The minimum number of movements of \ (7 \) , so \ (n = 3 \) Proposition solution is when \ (7 \) .
solve
Methods: Naming and solved
name
- Set \ (H (n) \) of \ (n-\) solution of a plate when the Towers of Hanoi.
- Three pole numbers are \ (A, B, C \) .
- The first \ (I \) layer plate as \ (H_i \) .
Solving
Obviously, \ (H (. 1). 1 = \)
Observation available, the \ (n-\) a plate from \ (A \) is moved to the \ (B \) corresponds to \ (h_1, h_2 \ cdots h_ {n-1} \) to move \ (B \) after the \ (H_n \) move \ (C \) , then \ (h_1, h_2 \ cdots h_ {n-1} \) move \ (C \) .
By definition, the \ (h_1, h_2 \ cdots h_ {n-1} \) from \ (A \) Move \ (B \) for an \ (H (n-1) \) step.

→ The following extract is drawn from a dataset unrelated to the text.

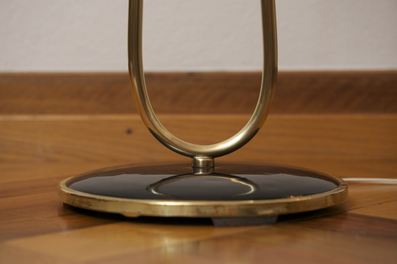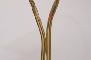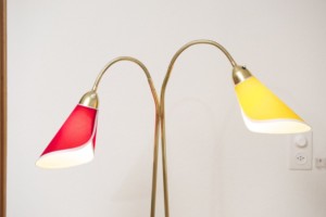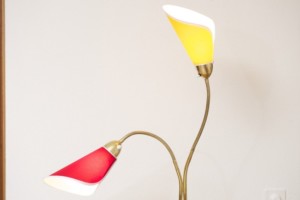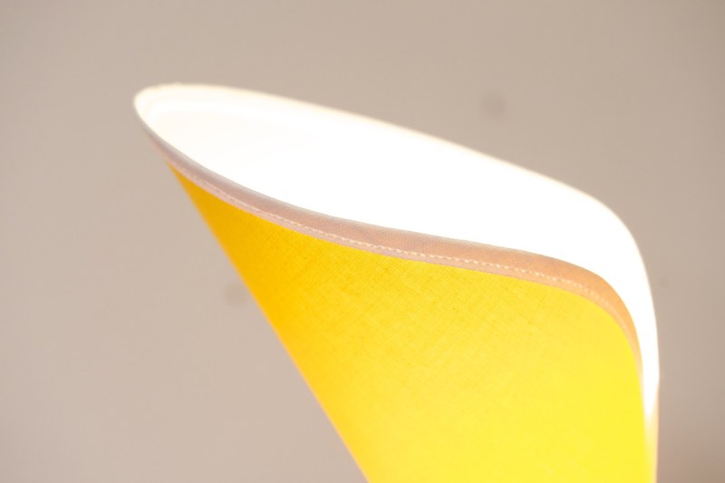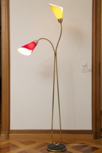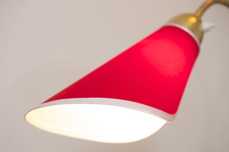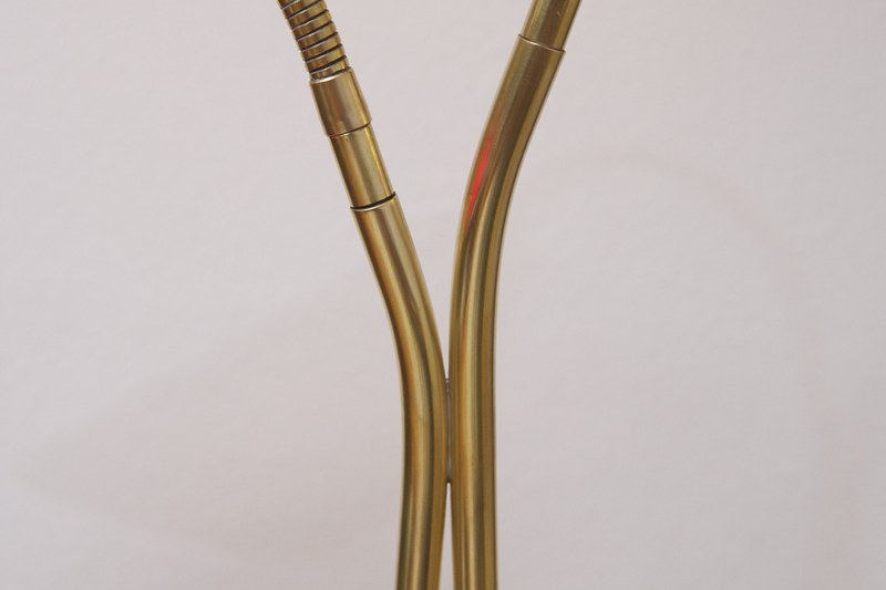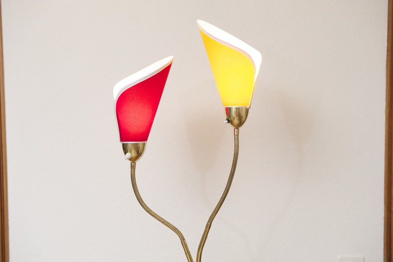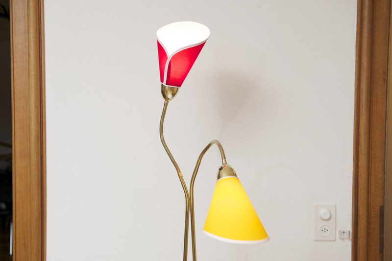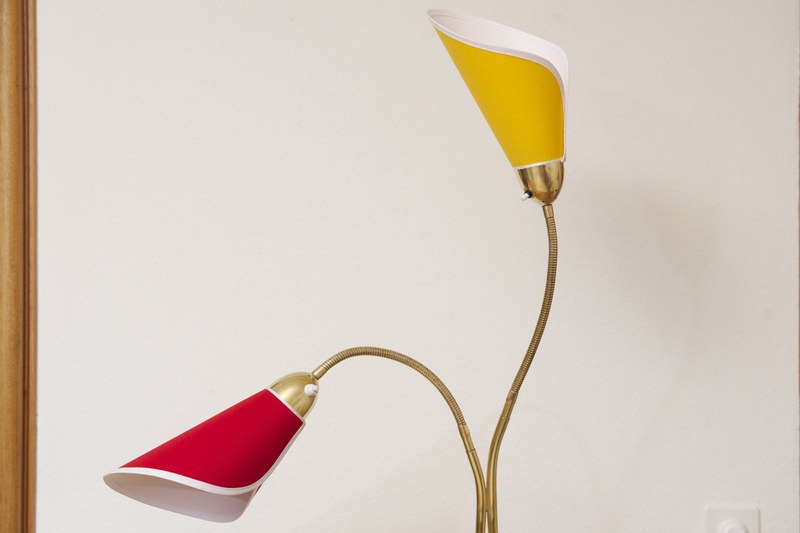 Italienische Stehleuchte DUO GIALLO ROSSO, neue gelbe & rote Tüten, lange Messingschwanenhälse, elegantes Gestänge, schwarzer Fuss, H 176cm

\(\therefore H(n)=2H(n-1)+1\qquad H(1)=1\)
test
Known \ (H (3) = 7 \)
\[\because H(n)=2H(n-1)+1\]
\[\therefore H(3)=2\times H(2)+1\]
\[\therefore H(3)=2\times (2\times H(1) + 1) + 1\]
\[\therefore H(3)=2\times (2\times 1+1)+1\]

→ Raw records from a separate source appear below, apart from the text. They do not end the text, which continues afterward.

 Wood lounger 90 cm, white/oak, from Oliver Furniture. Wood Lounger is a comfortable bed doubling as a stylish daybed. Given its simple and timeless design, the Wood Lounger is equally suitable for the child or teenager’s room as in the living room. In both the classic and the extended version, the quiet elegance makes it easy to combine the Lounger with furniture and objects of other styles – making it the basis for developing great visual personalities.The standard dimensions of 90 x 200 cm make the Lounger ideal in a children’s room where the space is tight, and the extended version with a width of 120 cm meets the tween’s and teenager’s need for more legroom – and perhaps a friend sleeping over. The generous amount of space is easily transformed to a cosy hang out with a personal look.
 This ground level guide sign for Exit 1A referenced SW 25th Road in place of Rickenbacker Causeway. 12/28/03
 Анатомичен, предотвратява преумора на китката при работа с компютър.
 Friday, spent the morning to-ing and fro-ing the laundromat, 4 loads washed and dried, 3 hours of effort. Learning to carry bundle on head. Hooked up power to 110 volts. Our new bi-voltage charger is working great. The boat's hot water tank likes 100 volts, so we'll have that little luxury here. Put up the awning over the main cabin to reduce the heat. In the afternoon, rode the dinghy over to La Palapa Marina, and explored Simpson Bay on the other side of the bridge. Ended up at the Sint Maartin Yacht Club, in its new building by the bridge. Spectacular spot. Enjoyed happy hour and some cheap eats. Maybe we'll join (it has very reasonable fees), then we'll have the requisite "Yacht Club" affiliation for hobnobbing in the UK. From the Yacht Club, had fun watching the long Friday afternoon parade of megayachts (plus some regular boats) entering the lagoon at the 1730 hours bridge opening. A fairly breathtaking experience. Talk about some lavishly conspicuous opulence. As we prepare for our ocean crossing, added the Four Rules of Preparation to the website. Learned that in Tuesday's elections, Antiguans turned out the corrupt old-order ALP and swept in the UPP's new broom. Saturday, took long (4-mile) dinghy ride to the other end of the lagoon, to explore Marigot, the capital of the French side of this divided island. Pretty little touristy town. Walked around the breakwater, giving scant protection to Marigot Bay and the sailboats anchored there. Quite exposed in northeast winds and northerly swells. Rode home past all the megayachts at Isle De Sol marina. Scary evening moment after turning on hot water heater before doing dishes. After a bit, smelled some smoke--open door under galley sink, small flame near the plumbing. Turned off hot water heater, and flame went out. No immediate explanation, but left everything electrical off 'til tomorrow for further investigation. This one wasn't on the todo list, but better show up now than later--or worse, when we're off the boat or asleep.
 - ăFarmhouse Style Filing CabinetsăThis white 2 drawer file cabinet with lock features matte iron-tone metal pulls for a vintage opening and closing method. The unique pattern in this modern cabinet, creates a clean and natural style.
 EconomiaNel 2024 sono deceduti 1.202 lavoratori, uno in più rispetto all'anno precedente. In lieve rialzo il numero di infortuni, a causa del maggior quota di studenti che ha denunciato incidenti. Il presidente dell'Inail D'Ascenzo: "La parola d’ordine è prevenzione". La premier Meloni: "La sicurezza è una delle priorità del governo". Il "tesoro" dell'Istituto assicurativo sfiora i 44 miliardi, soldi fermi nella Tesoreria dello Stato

\[\therefore H(3)=2\times 3+1\]
\[\therefore H(3)=7\]
Code
# python
A = [3, 2, 1]
B = []
C = []
def move(n, source, target, auxiliary):
if n > 0:
# Move n - 1 disks from source to auxiliary, so they are out of the way
move(n - 1, source, auxiliary, target)
# Move the nth disk from source to target
target.append(source.pop())
# Display our progress
print(A, B, C, '##############', sep='\n')
# Move the n - 1 disks that we left on auxiliary onto target
move(n - 1, auxiliary, target, source)
# Initiate call from source A to target C with auxiliary B
move(3, A, C, B)
Recursive
Recursive solution method is to call their own in the calculation.
Recursive configuration conditions should have,
Sub-problems to be the original problem is the same problem, and easier.
Can not be unlimited calling itself, must have borders, simplify the situation for non-recursive processing.
Tower of Hanoi is a typical formula for solving recursive.
Enclosed
In the previous recursion formula, easy to see, calculating \ (H (n) \) required \ (n-1 \) times the \ (H (n) \) is replaced with \ (2H (n-1) + 1 \) operations.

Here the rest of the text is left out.